Hello, Thanks for your excellent work, and I am interested in your work very much. It goes well when I use the public dataset that you use in the code. But when I trained with my own dataset, which is a big one and the resolution of the images is also high, it arose the following error.

Traceback (most recent call last):
  File "/home/lt/Desktop/FLARE23_code/3DUX-Net-main/main_finetune_pal.py", line 328, in <module>
    global_step, dice_val_best, global_step_best = train(
  File "/home/lt/Desktop/FLARE23_code/3DUX-Net-main/main_finetune_pal.py", line 288, in train
    dice_val = validation(epoch_iterator_val)
  File "/home/lt/Desktop/FLARE23_code/3DUX-Net-main/main_finetune_pal.py", line 245, in validation
    val_output_convert = [
  File "/home/lt/Desktop/FLARE23_code/3DUX-Net-main/main_finetune_pal.py", line 246, in <listcomp>
    post_pred(val_pred_tensor) for val_pred_tensor in val_outputs_list
  File "/home/lt/anaconda3/envs/lt_python39/lib/python3.9/site-packages/monai/utils/deprecate_utils.py", line 217, in _wrapper
    return func(*args, **kwargs)
  File "/home/lt/anaconda3/envs/lt_python39/lib/python3.9/site-packages/monai/utils/deprecate_utils.py", line 217, in _wrapper
    return func(*args, **kwargs)
  File "/home/lt/anaconda3/envs/lt_python39/lib/python3.9/site-packages/monai/utils/deprecate_utils.py", line 217, in _wrapper
    return func(*args, **kwargs)
  [Previous line repeated 1 more time]
  File "/home/lt/anaconda3/envs/lt_python39/lib/python3.9/site-packages/monai/transforms/post/array.py", line 242, in __call__
    img_t = one_hot(img_t, num_classes=to_onehot, dim=0)
  File "/home/lt/anaconda3/envs/lt_python39/lib/python3.9/site-packages/monai/networks/utils.py", line 96, in one_hot
    o = torch.zeros(size=sh, dtype=dtype, device=labels.device)
RuntimeError: CUDA out of memory. Tried to allocate 14.21 GiB (GPU 0; 47.54 GiB total capacity; 35.22 GiB already allocated; 4.58 GiB free; 40.77 GiB reserved in total by PyTorch) If reserved memory is >> allocated memory try setting max_split_size_mb to avoid fragmentation.  See documentation for Memory Management and PYTORCH_CUDA_ALLOC_CONF

It worked well during the training phase, but the code reported an error during the validation phase. Do you know how to solve this problem? I would appreciate it.

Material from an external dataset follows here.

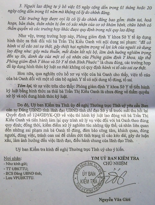 Kết luận của UBKT Tỉnh ủy Bình Phước đề nghị thu hồi quyết định sa thải DS Oanh.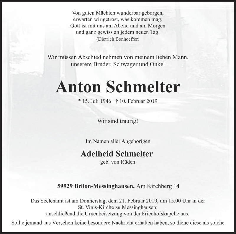 Hier finden Sie alle Traueranzeigen aus der Zeitung, die bisher für Anton Schmelter erschienen sind. Weitere Traueranzeigen, die in der Zeitung erscheinen, werden hier ebenfalls aufgelistet

leeh43 commented 11 months ago

Hi, thank you for your interest towards our work! What is your batch size, cache rate for training? I believe the preprocessing for FLARE dataset have been downsampled to 1.0x1.0x1.2. It shouldn't have any problem for both training and validation.

It will be great to let me also know the minimum and maximum resolution of x, y, z-axis across all samples in the dataset.

uto-lt commented 11 months ago

Hi, thanks for your reply @leeh43 I have found a solution to the question by using the device=torch.device('cpu') of sliding_window_inference, which will leave gpu the small patch of image for inference and the rest patches will be cached in memory.

By the way, I still have a question, since I am participating in the FLARE23 competition, and the maximum resolution of x, y, z-axis across all samples in the dataset can be 512x512x512, the competition requires us to use less than 28g memory. If I want to use less memory, is the spacing as large as possible or as small as possible?

Looking forward to your help~